AEC 592 Sec 014 – Genetics of Invasive Species

This graduate seminar will explore the genetic tools used to identify and monitor invasive species. We will focus on current papers using a variety of genetic approaches to the conservation of species impacted by invasion or the identification and management of invasive species. Offered in Fall.


AEC 592 Sec 015 – Agricultural Chemical Risk Assessment

This new blended learning course brings together on-campus and online students to learn about the risks and benefits of agricultural chemicals in relation to human and environmental health. In this course, students will learn how to conduct and communicate human health and ecological agricultural chemical risk assessments, including hazard and exposure assessments. Course content includes emerging technologies and issues and ways to apply them in the field. Offered in Fall.


AEC 630 – Special Topics in AEC

 
Special Topics in AEC. Topics will vary. Units: 1-6 – Offered in Fall Spring Summer.


AEC 726 – Quantitative Fisheries Management

 
Current methods for assessment and management of exploited fish populations, including sampling methods, data analysis and modeling. A required research paper or project. Units: 3 – Offered in Fall Only (Alternate Even Years).

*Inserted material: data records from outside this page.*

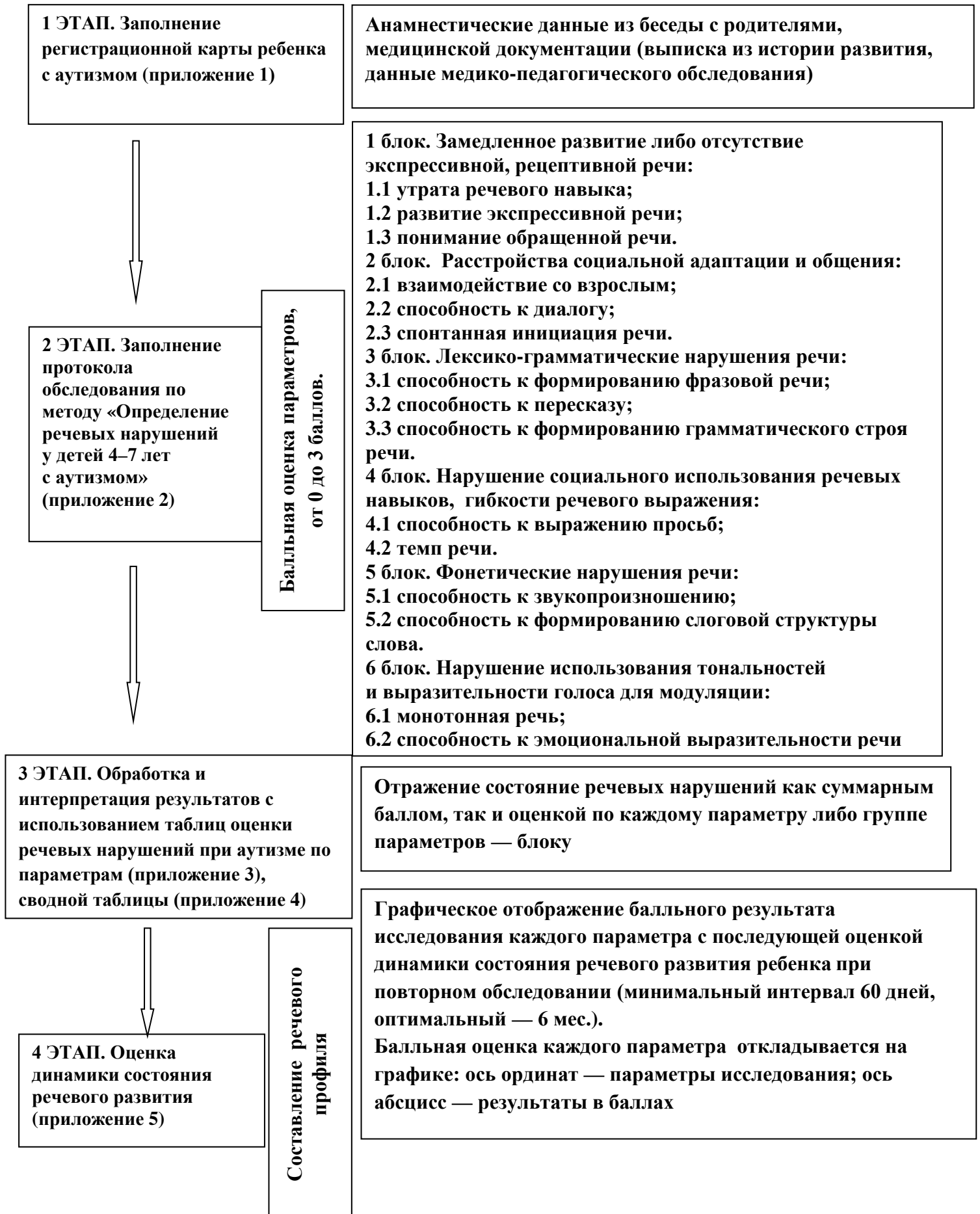
Схема процедуры обследования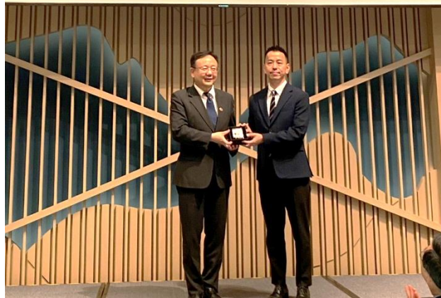
法務部常務次長馮成與郭遠檢察官合影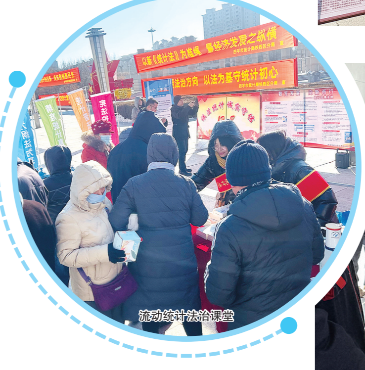
流动统计法治课堂

等重要讲话和重要指示批示精神，以提高数据质量为中心，以高质量统计服务经济社会高质量发展，切实提升领导干部依法管理统计、依法用统计的政治自觉与履职能力。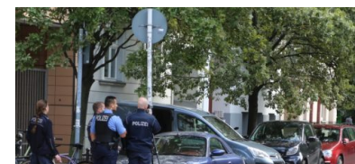
Berliner Verkehrssicherheitstage 17.-21.2.2020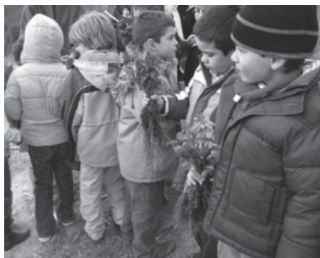
Preparar para plantar o carvalho

No capítulo 25 da Agenda 21 refere-se ainda que as crianças e os jovens são o público-alvo preferencial para a educação ambiental visto que o desenvolvimento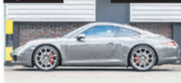
Porsche 911 3.8 Carrera S € 84.900,-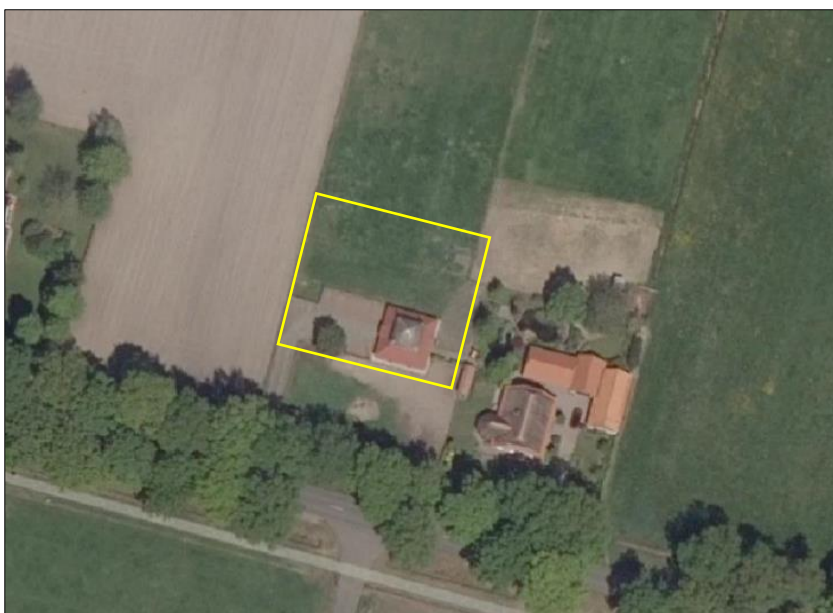
Begrenzing van het plangebied; deze wordt met de gele lijn aangeduid (bron luchtfoto: ruimtelijkeplannen.nl).

Het plangebied vormt een deel van een woonerf en bestaat uit bebouwing, agrarisch cultuurgrond, erfverharding en zonnepanelen. De bebouwing vormt een hooiberg welke beschikt over gemetselde buitengevels zonder luchtspouw. De hooiberg beschikt deels over een dakpannen gedekt dak en deels over een rieten dak. Het agrarisch cultuurgrond, tijdens het veldbezoek in gebruik als grasland, bestaat uit een soortenarme vegetatie van raagrass en wordt intensief beheerd (bemesten, maaien en afvoeren maaisel). De enkele zonnepanelen liggen ten noorden van de hooiberg. Op onderstaande luchtfoto is de begrenzing van het plangebied aangegeven. Voor een verbeelding van de huidige situatie wordt verwezen naar de fotobijlage.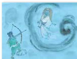
「山姥物語」の一場面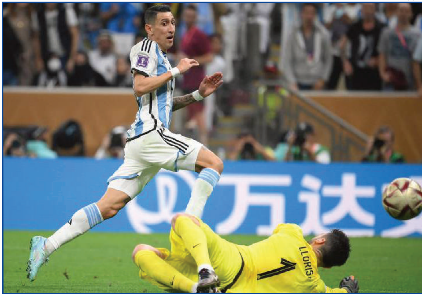
Di María marca o segundo gol da Argentina sobre a França na final da Copa

O balanço geral do duelo ficou em 93 minutos de superioridade argentina, enquanto os outros 49 foram de maior perigo dos franceses. No geral, a Argentina finalizou o dobro de vezes em relação à França. Foram 20 jogadas concluídas pelos campeões, contra 10 dos vices. Sem contar os chutes errados, houve 10 finalizações dos sul-americanos no alvo (3 gols e 7 defesas), ante 5 dos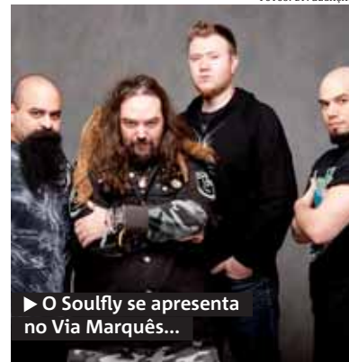
► O Soulfly se apresenta no Via Marquês...

Howler – No Beco 203 (r. Augusta, 609, Consolação, tel.: 2339-0358). Hoje. Abertura da casa: 22h. Show: meia-noite. R$ 70. Soulfly – No Via Marquês (av. Marquês de São Vicente, 1.589, Barra Funda, tel.: 3615-2060. Amanhã, a partir das 20h. De R$ 70 a R$ 200.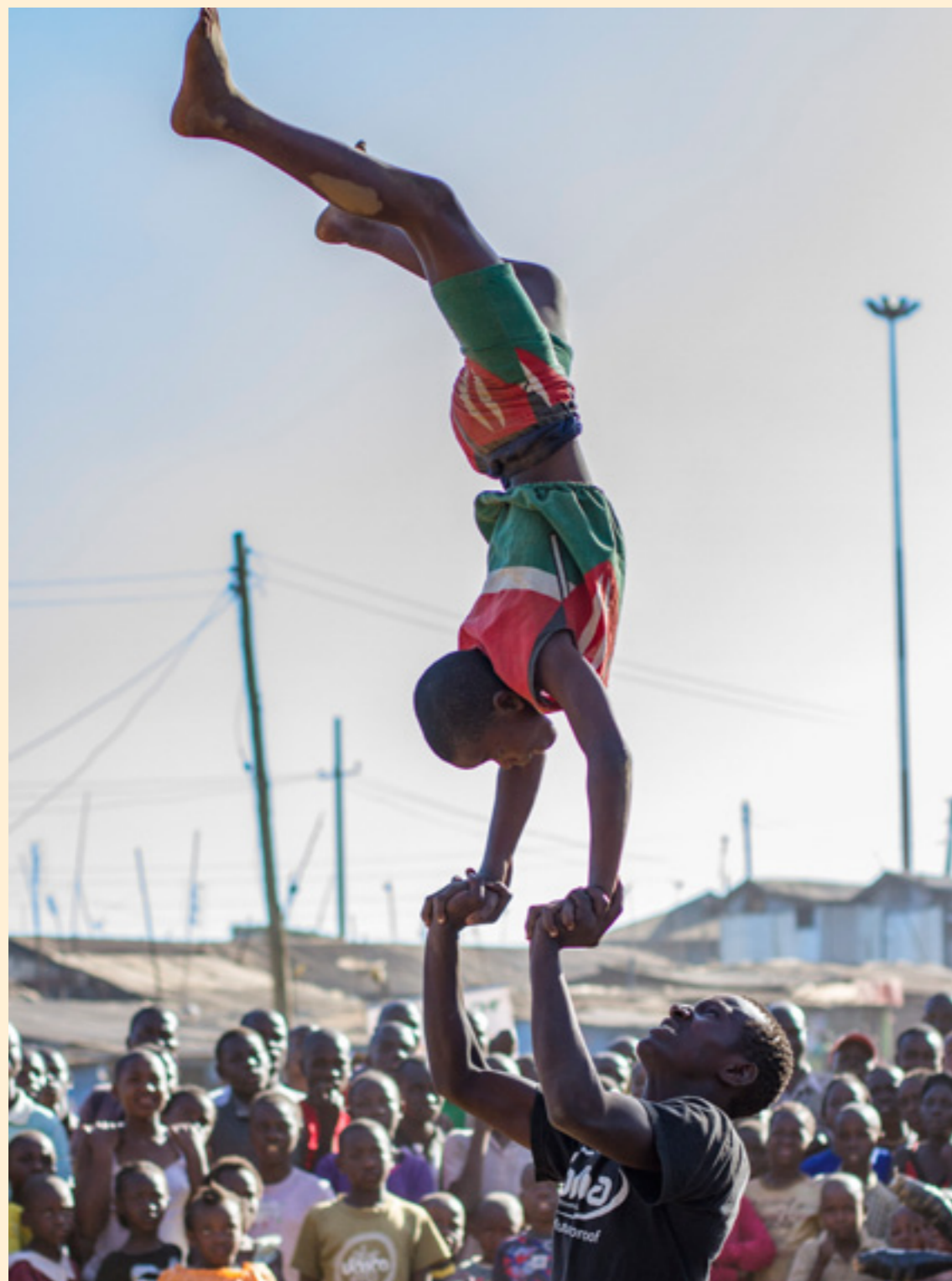
Kibera celebra la vida. Nairobi, Kenia

de 2020: el partenariado UE/ACP, su presente y su futuro , el encuentro de alto nivel que reunió a los embajadores africanos en España y representantes del Ministerio de Asuntos Exteriores y de Cooperación español para comprender mejor las reivindicaciones y expectativas del continente, de cara a la renovación de la asociación entre la Unión Europea y los países ACP.

AEC 761 – Conservation Biology for a Changing Climate

We will on the concepts and theories in ecology and impacts of climate change that have the greatest potential for biological conservation. The recurrent question will be: how can we apply ecology and knowledge of change to our physical environment to improve conservation of species, biodiversity, and ecosystem services? Offered in Fall.